The method of the present invention is typically implemented in the ECU. The ECU may be connected to an electronic bus implemented in a vehicle. In one example, the electronic bus may be a digital communication link. In one example the digital communication link may be an SAE, J1939 digital communication link. The accelerator pedal inhibit feature may communicate with the ECU over the digital communication link. Alternatively, the accelerator pedal feature may be wired directly to the ECU inputs and/or outputs and the ECU may broadcast the torque derate or the accelerator pedal inhibit feature to other electronic components in the vehicle control system over the digital communication link.
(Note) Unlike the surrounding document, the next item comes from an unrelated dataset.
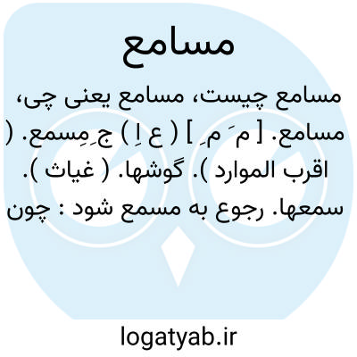 ( اسم ) جمع مسمع و مسمعه گوشها: و از اطراف وجوانب مردم جامع غلغل. دعا و ثنای آن حضرت بمسامع سکان صوامع عالم بالارسانید.

While the method 38 has been described as implemented in an automotive ECU, the method 38 may be implemented in any type of microprocessor or controller to meet the design requirements of a particular application.

While the embodiments of the invention have been described as set forth herein, it is understood that these embodiments are illustrative and various changes and modifications may be made without departing from the scope and spirit of the invention.

Claims

1. A method for an accelerator pedal safety in a vehicle with an internal combustion engine having an electronic control unit, (ecu), said method comprising:

a) starting the engine;

b) determining whether the engine is running;

c) determining whether there is a request for additional torque;

d) determining whether an inhibit is enabled;

e) determining whether the vehicle speed is above a preset threshold;

f) enabling the accelerator pedal torque request, and;

g) logging a fault in the ecu and enable visual indicators of fault.

2. The method of claim 1, wherein determining whether there is a request for additional torque is comprised of determining the extent of accelerator pedal is depressed.

3. The method of claim 1, further including honoring the accelerator pedal request for torque when said accelerator pedal inhibit is not enabled.

4. The method of claim 1, further including inhibiting the accelerator pedal torque request when said vehicle speed is not above a preset maximum threshold value.

5. The method of claim 1, further including a torque derate feature to be activated when the vehicle speed is below a present maximum value.

6. A method for a accelerator pedal safety in a vehicle with an internal combustion engine having an electronic control unit, (ecu), said method comprising:

a) starting the engine;

b) determining whether the engine is running;

c) determining whether there is a request for additional torque;

d) determining whether an inhibit torque is enabled;

e) determining whether the vehicle speed is above a preset threshold;

f) enabling a torque derate when said vehicle is below a preset speed and;

g) enabling the accelerator pedal torque request and;

h) logging a fault in the ecu and enable visual indicators of fault.

7. The method of claim 6, wherein determining whether there is a request for additional torque is comprised of determining the extent of accelerator pedal is depressed.

8. The method of claim 6, further including honoring the accelerator pedal request for torque when said accelerator pedal inhibit is not enabled.

9. The method of claim 6, further including inhibiting the accelerator pedal torque request when said vehicle speed is not above a preset maximum threshold value.

10. The method of claim 6, further including inhibiting the accelerator pedal torque request when said engine speed is above a preset minimum threshold value.